(Assignment):
Copy word for word, please, the lines of the entries below running from the one containing "Пример - В начале" to the one containing "Deze met parels", both ends included.

(The data):
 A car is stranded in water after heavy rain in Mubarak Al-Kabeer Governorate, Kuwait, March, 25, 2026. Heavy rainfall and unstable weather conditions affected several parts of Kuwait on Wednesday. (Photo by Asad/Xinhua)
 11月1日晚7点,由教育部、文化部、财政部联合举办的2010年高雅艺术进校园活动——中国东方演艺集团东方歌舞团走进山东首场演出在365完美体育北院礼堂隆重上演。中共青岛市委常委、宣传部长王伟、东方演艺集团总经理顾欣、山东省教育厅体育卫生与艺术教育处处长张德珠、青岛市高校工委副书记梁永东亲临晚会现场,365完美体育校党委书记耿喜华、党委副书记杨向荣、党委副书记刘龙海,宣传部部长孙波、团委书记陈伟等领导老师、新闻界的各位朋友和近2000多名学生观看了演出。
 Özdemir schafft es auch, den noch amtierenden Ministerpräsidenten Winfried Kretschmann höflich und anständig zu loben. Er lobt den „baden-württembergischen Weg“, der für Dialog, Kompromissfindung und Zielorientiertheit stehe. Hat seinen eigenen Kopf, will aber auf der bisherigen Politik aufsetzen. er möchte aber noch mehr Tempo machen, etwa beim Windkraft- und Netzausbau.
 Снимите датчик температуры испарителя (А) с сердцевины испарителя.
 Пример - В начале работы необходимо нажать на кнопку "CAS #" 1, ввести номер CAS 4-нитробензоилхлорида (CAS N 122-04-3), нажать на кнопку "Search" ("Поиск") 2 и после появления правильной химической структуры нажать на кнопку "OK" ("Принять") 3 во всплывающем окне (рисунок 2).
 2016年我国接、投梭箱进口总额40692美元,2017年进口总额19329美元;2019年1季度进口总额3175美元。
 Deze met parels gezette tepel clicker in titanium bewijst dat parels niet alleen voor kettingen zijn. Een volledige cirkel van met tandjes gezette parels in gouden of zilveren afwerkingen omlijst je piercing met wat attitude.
==
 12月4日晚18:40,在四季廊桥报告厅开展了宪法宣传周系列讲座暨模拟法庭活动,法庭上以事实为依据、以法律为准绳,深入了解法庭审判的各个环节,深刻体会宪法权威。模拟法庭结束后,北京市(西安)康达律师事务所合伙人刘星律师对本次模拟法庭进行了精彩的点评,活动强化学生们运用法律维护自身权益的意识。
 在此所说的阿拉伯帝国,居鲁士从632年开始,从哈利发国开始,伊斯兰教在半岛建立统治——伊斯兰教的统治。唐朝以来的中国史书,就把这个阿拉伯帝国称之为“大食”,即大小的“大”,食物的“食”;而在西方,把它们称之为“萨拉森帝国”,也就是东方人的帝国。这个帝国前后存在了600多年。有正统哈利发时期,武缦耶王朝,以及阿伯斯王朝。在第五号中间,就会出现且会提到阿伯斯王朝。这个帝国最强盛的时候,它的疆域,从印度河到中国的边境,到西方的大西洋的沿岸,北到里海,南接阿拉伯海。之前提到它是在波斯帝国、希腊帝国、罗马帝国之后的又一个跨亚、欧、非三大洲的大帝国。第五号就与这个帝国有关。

(Your response):
 Пример - В начале работы необходимо нажать на кнопку "CAS #" 1, ввести номер CAS 4-нитробензоилхлорида (CAS N 122-04-3), нажать на кнопку "Search" ("Поиск") 2 и после появления правильной химической структуры нажать на кнопку "OK" ("Принять") 3 во всплывающем окне (рисунок 2).
 2016年我国接、投梭箱进口总额40692美元,2017年进口总额19329美元;2019年1季度进口总额3175美元。
 Deze met parels gezette tepel clicker in titanium bewijst dat parels niet alleen voor kettingen zijn. Een volledige cirkel van met tandjes gezette parels in gouden of zilveren afwerkingen omlijst je piercing met wat attitude.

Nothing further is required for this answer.